MS-A1/AMD 8700G iGPU - AMDGPU page fault errors & temp monitoring

Hey folks, I have recently built a system on Minisforum’s new MS-A1 chassis, with an 8700G as the APU. I installed NixOS 24.05 and most stuff is working, but I have a few problems that have popped up that I would like some help with. I was hoping to use this machine as a workstation, plus playing a few light games on it, so I installed Steam and a couple of games to try things out, which is where things started to be less than ideal. So far I have 3 main problems that I’d like to see if anyone can help me out with:

  1. Some games (MTG:A) work fine with no problems, but when playing Path of Achra from Steam using Proton 9 or experimental, the game (actually everything but the cursor) will eventually hang and then recover. journalctl -f shows amdgpu page fault errors when that happens that look like this:
amdgpu: [gfxhub] page fault 
amdgpu:   in page starting at address 0x000000003f800000 from client 10
amdgpu: GCVM_L2_PROTECTION_FAULT_STATUS:0x00501431
amdgpu:          Faulty UTCL2 client ID: SQC (data) (0xa)
amdgpu:          MORE_FAULTS: 0x1
amdgpu:          WALKER_ERROR: 0x0
amdgpu:          PERMISSION_FAULTS: 0x3
amdgpu:          MAPPING_ERROR: 0x0
amdgpu:          RW: 0x0
  1. I also noticed that when running picom -b --backend glx I will get continual “present flip failed” messages - many per second, in sets of 3:
Aug 21 14:46:20 msa1 xserver-wrapper[2297]: (WW) AMDGPU(0): flip queue failed: Invalid argument
Aug 21 14:46:20 msa1 xserver-wrapper[2297]: (WW) AMDGPU(0): Page flip failed: Invalid argument
Aug 21 14:46:20 msa1 xserver-wrapper[2297]: (EE) AMDGPU(0): present flip failed
  1. Finally, when investigating this I found that lm-sensors doesn’t seem to detect the CPU temperature sensors for this machine, even after running sensors-detect. I am using the nixos-hardware flake with common-cpu-amd, common-cpu-amd-pstate and common-cpu-amd-zenpower and I’m not sure what other stuff I should do to be able to see the sensor data from the CPU. I do see GPU “edge” temperature readings, though.

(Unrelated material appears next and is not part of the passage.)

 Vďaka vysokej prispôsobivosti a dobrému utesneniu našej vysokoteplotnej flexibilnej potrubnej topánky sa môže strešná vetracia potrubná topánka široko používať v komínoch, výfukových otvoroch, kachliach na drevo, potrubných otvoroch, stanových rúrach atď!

So, I have a few questions here. In doing research about issue #1, I found several people on Arch or other forums who said that simply switching to the amdgpu-pro drivers fixed similar problems for them, but it seems like trying to do that in NixOS 24.05 pushes my kernel version way back - to some 5.x kernel. Is there a good way to use the amdgpu-pro driver (or is there some other driver I should use instead) that will let me continue to use a modern kernel? Or should I just bite the bullet and let my yearning for modernity go?

Next, does anyone know what I need to do to get temperature sensors working for the 8700G? I think that this issue might be temperature related, but I really can’t tell since I can’t get a temperature reading out of the CPU. That might help me figure out if I have a defective cooling unit in my MS-A1 or something.

Finally, I’m not sure what to do about issue #2. It’s not the most important thing, as picom works fine and doesn’t produce errors when run without --backend glx - but xsecurelock has issues instead, which is what led me to use that setting. I guess I could just try a different screen locker but xsecurelock is my preferred option. Does anyone have any alternatives to picom I could try? compton is old which is why picom exists and everything else seems like it’s not intended for real use or is just a wayland compositor. I use qtile so I guess I could try to figure out how to use qtile in wayland, but my initial attempt at that didn’t go very well so I’m not inclined to dig into that unless I have to.

Thanks in advance for any advice you may have for me!

Welcome to NixOS. I think it would be more practical and pleasant of you to post three distinct threads for your issues.

Having said that, is this with nixpkgs-unstable? I would try that first.